2021 May 28 Friday
EU sanctions and air blockade
Lukashenko travels to meet Putin
Belarusian President Lukashenko wants a meeting with Russian President Vladimir Putin to resolve major diplomatic tensions with the European Union and the United States. Sanctions complicate Belarus’ economic situation. The country is asking the ally for help.
Under pressure from EU sanctions and growing tensions with the West, Belarusian ruler Alexander Lukashenko will travel to the Kremlin this Friday for a meeting with President Vladimir Putin.
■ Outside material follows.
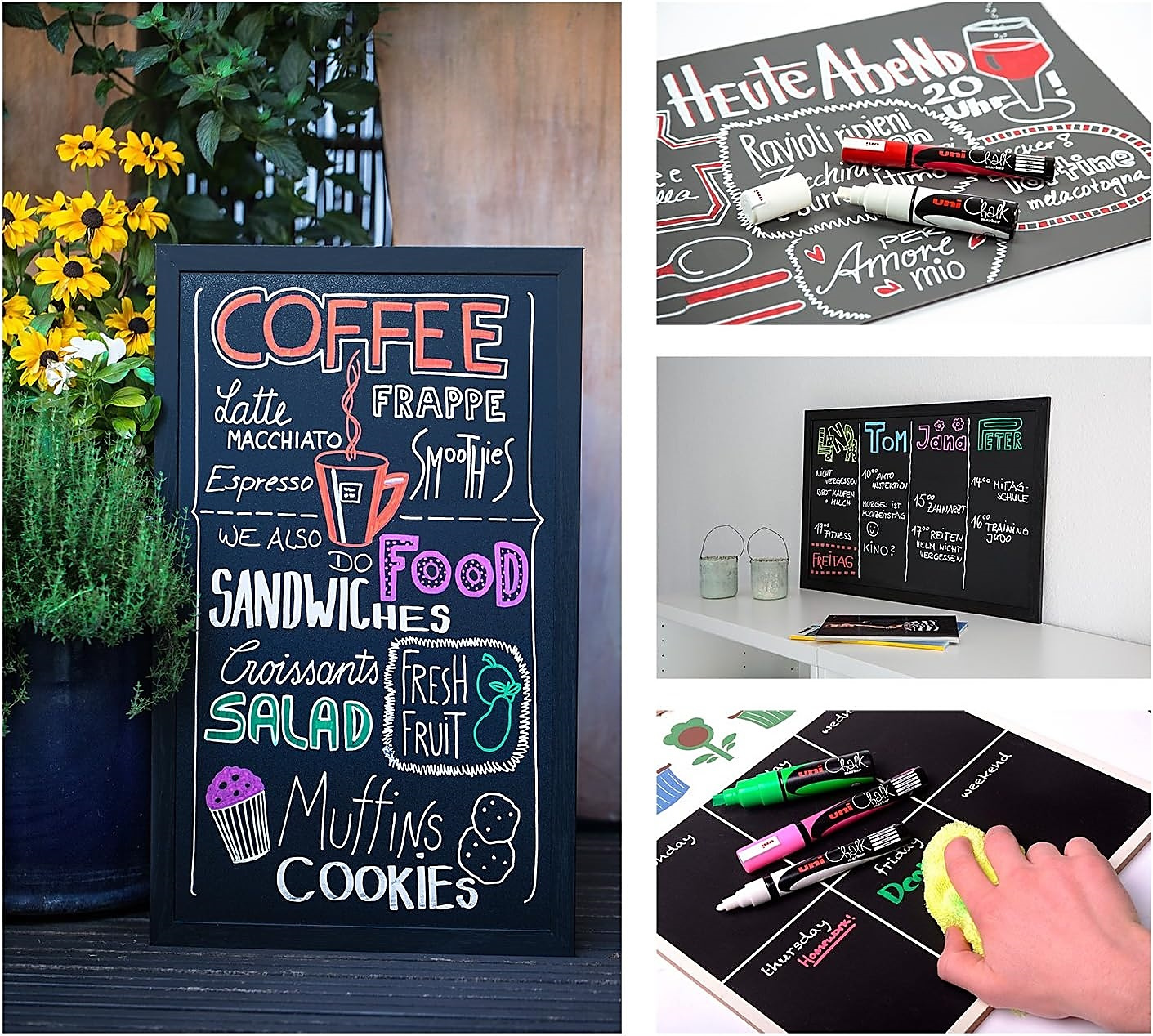 * markery CHALK z farbą kredową są idealne do rysowania i pisania po nieporowatych powierzchniach, takich jak tablice kredowe, tablice gastronomiczne (potykacze) i szkło

In Sochi on the Black Sea, the Kremlin declared that questions about the further bilateral development of the two countries should be at stake. This is the third meeting of the two politicians this year.
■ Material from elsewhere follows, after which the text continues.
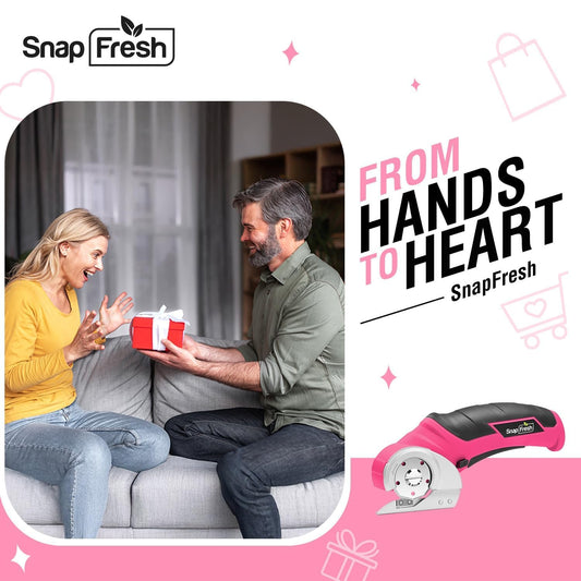 SnapFresh Cordless Electric Scissors- 4V Mini Cardboard Cutter for Boxes, Carpet, Paper – Rotary Cutter for DIY Projects, Safety Box Cutter with Battery & Type-C Cable(Hot Pink)

Lukashenko, he said, wants to talk to Putin about the consequences of EU and US sanctions, which could cause economic problems for Belarus. Minsk is already in the limelight with billions with Moscow. Putin recently reiterated his support for Lukashenko, despite growing costs for Russia. Belarus is economically dependent on Russia’s drops. Lukashenko is also politically dependent on Moscow.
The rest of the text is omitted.